Но ответил материалисту не Сократ, а принцепс Марк Аврелий.

– Вопрошающим: “Где ты видел богов или откуда узнал об их существовании, что так ревностно почитаешь их?” отвечай: “Во-первых, боги доступны и зрению. Далее, души своей я тоже никогда не видел и однако же чту ее. Точно так же и относительно богов: испытывая беспрестанно проявления их силы, я узнал из этого о их существовании и преклоняюсь перед ними”.

– Никаких богов я не видел, – начал отрицать очевидное Межеумович. – И их проявлений – тоже.

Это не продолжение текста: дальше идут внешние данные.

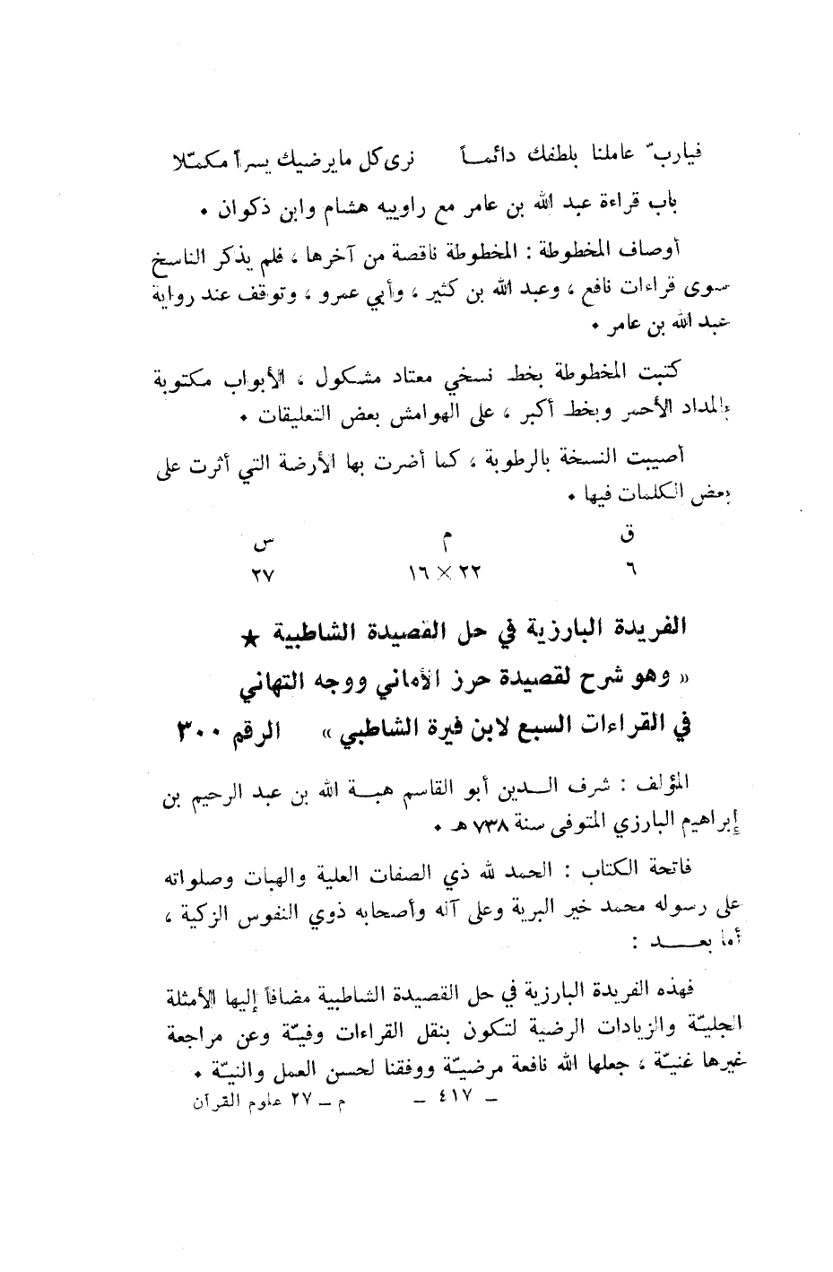 الفريدة البارزية في حل القصيدة الشاطبية* «وهو شرح لقصيدة حرز الأماني ووجه التهاني في القراءات السبع لابن فيرة الشاطبي» الرقم 300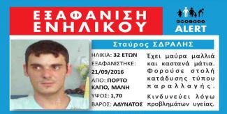 Ο Σταύρος Σδράλης, 32 ετών, εξαφανίστηκε στις 21/09/16 στη θαλάσσια περιοχή Πόρτο Κάγιο του Δήμου Ανατολικής Μάνης, όπου είχε μεταβεί για τη διενέργεια υποβρύχιας αλιείας.

– Да ведь помнишь, милый Межеумович, в Мыслильню заходил Гефест?

– Не помню, не видел, не слышал! Ну надо же, на материалистическом симпозиуме вести речи о богах и душе! И что тебе, Марк, дали боги?!

– Многое, достойнейший Межеумович. Богам я обязан полученным мною во сне указанием средств как против кровохарканья и метеоризма, так и против других недугов, и тем, что почувствовал влечение к философии, и не попал в руки какого-нибудь идеалистического софиста, не увлекся ни переделыванием истории, ни анализом партийных силлогизмов, не отдался изучению небесных явлений. Вот для всего этого и нужна была мне помощь богов и милость судьбы.

– Бред да и только! – расстроился диалектик.

– Бессмертные боги не досадуют на то, что им в течение столь долгого времени приходится иметь дело с таким множеством дурных существ.

– Это я-то – дурак?! – обиделся диалектик.

– Напротив, они всячески пекутся о них. Твой же конец, достойнейший Межеумович, уже близок, а ты теряешь терпение, сам будучи, к тому же, одним из них!

– Это мой-то конец близок?! – не поверил материалист. – Да мне славный Агатий даст Времени, сколько захочет!

– Дам, дам, – меланхолично заметил хронофил, отвлекаясь от разговора с сенатором Кесарем и императором Флавием Веспасианом.

– Все следует делать, обо всем говорить и помышлять так, как будто каждое мгновение может оказаться последним, – сказал Марк Аврелий и погладил Каллипигу по спине. – Если боги существуют, то выбыть из списка людей вовсе не страшно: ведь боги не ввергнут тебя во зло. Если же богов не существует, как ты считаешь, или им нет дела до людей, то что за смысл жить тебе в мире, где нет богов или нет божественного промысла?

– А есть, есть смысл! – вставил слово запальчивый материалист.

– Но боги существуют и проявляют заботливость по отношению к людям. Они устроили так, что всецело от самого человека зависит, впасть или не впасть в истинное зло. А если злом является и что-нибудь другое, то они позаботились также, чтобы от каждого зависело не впасть в оное. Но то, что не делает худшим человека, может ли сделать худшей жизнь человеческую? Природа Единого не могла оплошать таким образом ни по неведению, ни по бессилию предупредить или исправить, в случае, если она обладает всезнанием. Не могла бы она также ни по бессилию, ни по неумелости допустить такую ошибку, как распределение благ и зол между людьми без разбора, как между хорошими, так и между дурными. Смерть же и жизнь, слава и бесчестие, страдание и наслаждение, богатство и бедность – все это одинаково выпадает на долю как хорошим людям, так и дурным. Все это не прекрасно и не постыдно, а следовательно, не благо и не зло.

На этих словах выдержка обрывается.